May 11, 2020 Open Force Field Initiative Advisory Board Meeting
Posted on 11 May 2020 by Karmen Condic-Jurkic
The first meeting of the OpenFF Initiative Advisory Board took place on May 11, 2020. The meeting notes are summarized below:
Data collection and benchmarking
- As we push into biopolymer FFs, what data should we be using to fit force fields?
- We are in the process of porting AMBER ff14sb into SMIRNOFF format.
- We have a plan for making an “AMBER-like” protein force field using the current small molecule bond/angle/vdw, with an AMBER protein charge model, then fitting torsions.
- What data should we use to evaluate the quality of proteins/nucleic acids? Data for other molecules (lipids/carbohydrates - though those will likely be tackled next year)?
- High-quality protein-ligand binding affinity datasets with rigid ligands
- Conformational decoys? (What experimental datasets inform this?)
- Similar sequences but different folds? (e.g. “Paracelsus Challenge”)
- Peptide data: NMR data on cyclic peptides
- Scott Lokey: logD and NMR data for cyclic peptides
- Check with Alan Mark on automated protein benchmark set
What to consider with respect to water models?
- TIP3P is likely to cause problems. OPC or OPC3 might be good candidates. PC3/TIP4P-Ew performed well, according to Onufriev’s study.
- Import data used in fitting TIP3P-FB; ultimately co-optimize water model
- Important properties:
- Hydration free energies insensitive to water model (but entropy/enthalpy decomposition is); polarization issues
- Diffusion coefficient would likely be more important, water model dependent
- Enthalpy of vaporization: Difficult property to reproduce; unclear where discrepancy arises from (e.g. quantum dynamical effect)
- Mixing properties: Enthalpies of mixing; partial molar volumes
- Partition coefficients: OCHEM (large database of octanol-water partition coefficients and other properties) ~ 20K [follow up with Sereina Riniker]; however, significant cancellation.

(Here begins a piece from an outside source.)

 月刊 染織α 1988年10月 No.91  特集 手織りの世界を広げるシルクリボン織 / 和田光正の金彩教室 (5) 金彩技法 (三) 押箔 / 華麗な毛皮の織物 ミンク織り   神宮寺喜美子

Also OCHEM has a lot of license terms (OK for non-commercial, but otherwise a lot of restrictions: https://ochem.eu/home/show.do)

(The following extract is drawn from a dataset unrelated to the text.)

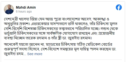 মাহাদী আমীন আরও জানান, মেডিকেল বোর্ডে গুরুত্বপূর্ণ সদস্য হিসেবে দায়িত্ব পালন করছেন ডা. জুবাইদা রহমান। দেশ-বিদেশের চিকিৎসকদের সঙ্গে সমন্বয় করে প্রয়োজনীয় সিদ্ধান্ত নিচ্ছেন তিনি। পাশাপাশি তারেক রহমান নিজে প্রতিটি পদক্ষেপ ঘনিষ্ঠভাবে পর্যবেক্ষণ করছেন, যাতে চিকিৎসার ক্ষেত্রে কোনো বিলম্ব বা সীমাবদ্ধতা না থাকে।
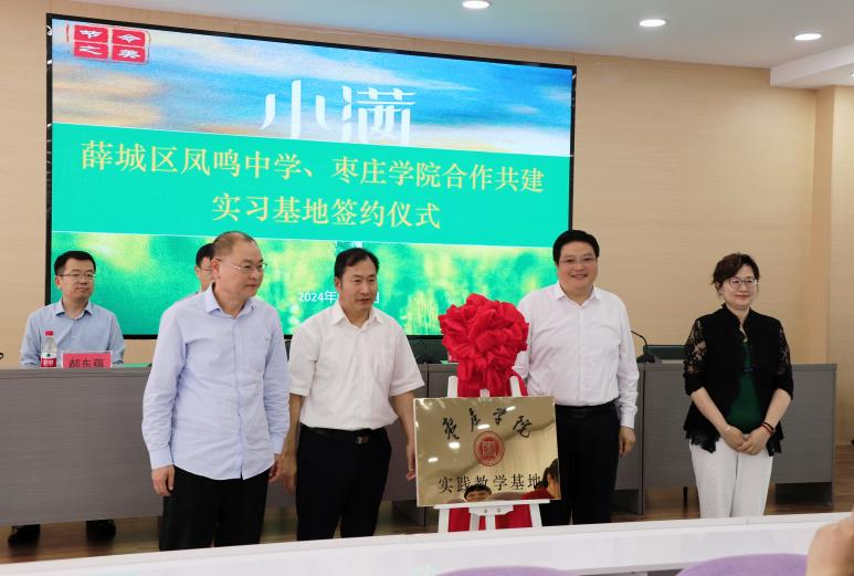 薛城区教体局党组书记、局长种法立、薛城区凤鸣中学党支部书记、校长孙烨与beat365在线唯一官网教务处处长张立华、beat365在线唯一官网书记李中军共同为教学实践基地揭牌。

- Solvation free energies in solvents other than water
- Don’t neglect charged molecules (relative values, not absolute)
Interactions with the biomolecular force field community
- How can we best collaborate with the biopolymer FF development communities and provide/share resources (software, data, infrastructure)?

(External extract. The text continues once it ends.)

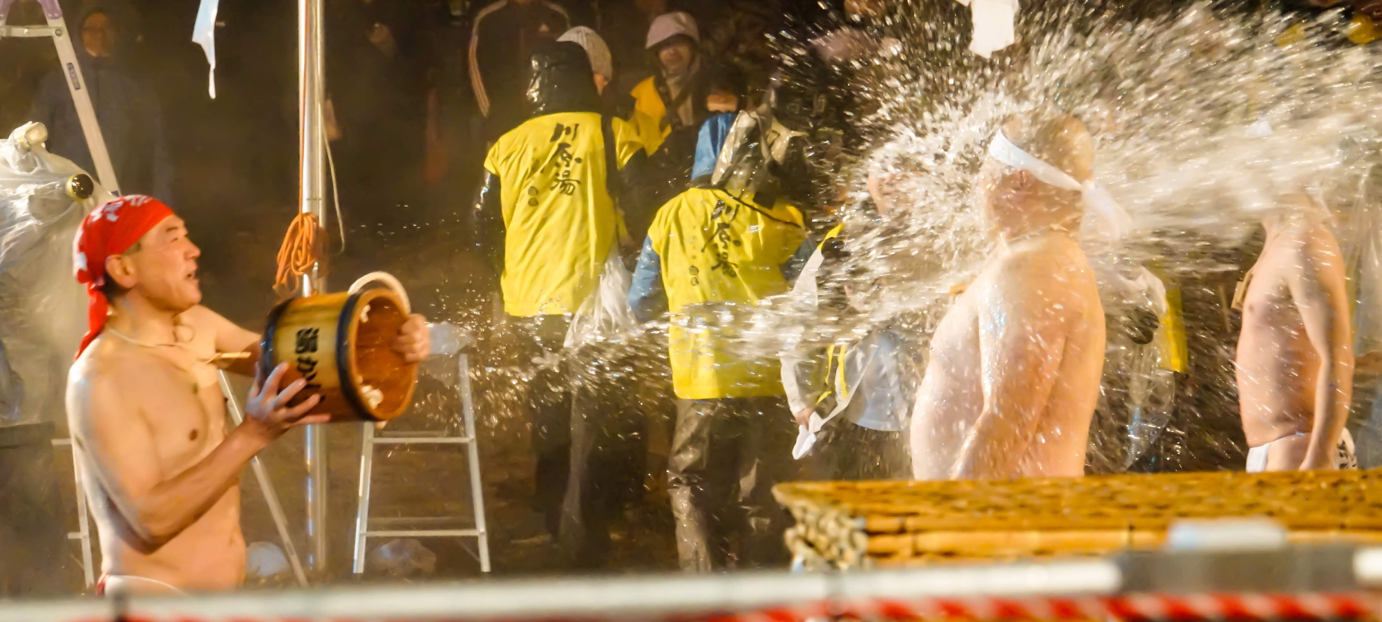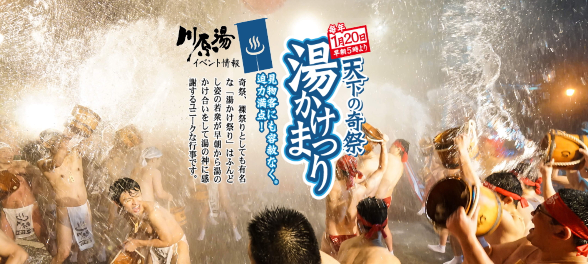 毎年1月20日の早朝5時より開催される奇祭、裸祭りとしても有名な「湯かけ祭り」は、 ふんどし姿の若衆が早朝から湯のかけ合いをして湯の神に感謝するユニークな行事です。ある日の事、突然温泉が出なくなってしまった時に村人達が困り果てていましたが、そのうちひとりが温泉の匂いをかいだところ、ニワトリの卵をゆでた匂いがしたため、ニワトリを生贄にしてお祈りしたところ、お湯が再び出てきたので、みんなでお祝いしました。「お湯わいた、お湯わいた」と喜んでいましたが、 そのうち「お祝いだ、お祝いだ」と言ってみんなでお湯をかけあうようになったのが「湯かけ祭り」のはじまりという事です。

- Making it easy for novice Python programmers to extend the OFF toolkit – at the moment, understanding how various bits and pieces of OpenFF work together is a steep learning curve, although modifying code seems to be quite straightforward.
- Support for new parameter types / functional forms
- How best can we share curated standard train/test datasets? We want to make it programmatically accessible, but what other formats are good too?
- Flexibility – everyone has their own favourite way of dealing with data
- Data accessible with an API to grab data in batches
- Offer bulk download
- Identifiers within dataset are critical (names, SMILES, CAS, InChI, etc.)
- How can we best communicate with biopolymer FF development communities?
- Try attending community user group meetings
- Paris CHARMM / Tinker-HP/AMOEBA meeting is a great model
- Support for different functional forms?
- e.g. site-specific multipoles
What functional forms and other new FF components should we aim to support to enable future accurate FF development?
- Is there a way to work with MD package developers to get support for these into their packages?
- Show package developers persuasive data that the force field is valuable to motivate implementation of new functional forms (especially protein-ligand binding energies) – demonstrate that it works
- What about a library that provides advanced potentials until they can be implemented internally, like OpenKIM?
- This could make it easy for developers to try new forces with minimal effort
- How can we best support Quantum-trained ML potentials? Other ML potentials?
- TensorFlow support (for ANI) already integrated into gromos
How can we best streamline the deployment of our force fields into simulation packages?
- Should we focus on existing converters (e.g. ParmEd/InterMl), object models (an OFF/MolSSI common system object model?), libraries to read common object model serialization that other codes can plug into?
- Low-level converters for parameterized systems (like ParmEd) are likely to be the most successful
- New system construction tools (especially if broadly deployed, e.g. via CHARMM-GUI) could have impactful
- CanDo - Chris Schafmeister - “this is what people are going to use”
- Currently, we’re aiming to build a common biopolymer + small molecule Topology object model that will ideally replace/augment OpenMM or other force field representations, Topology objects.
- Probably out of scope of what OpenFF is developing are general trajectory representations, but we plan to work with other developers on these to help provide input/assistance.
- Ditto with any replacements for Molecule SDF/mol2/PDB files: out of scope for our effort, but we would like to be involved in larger efforts.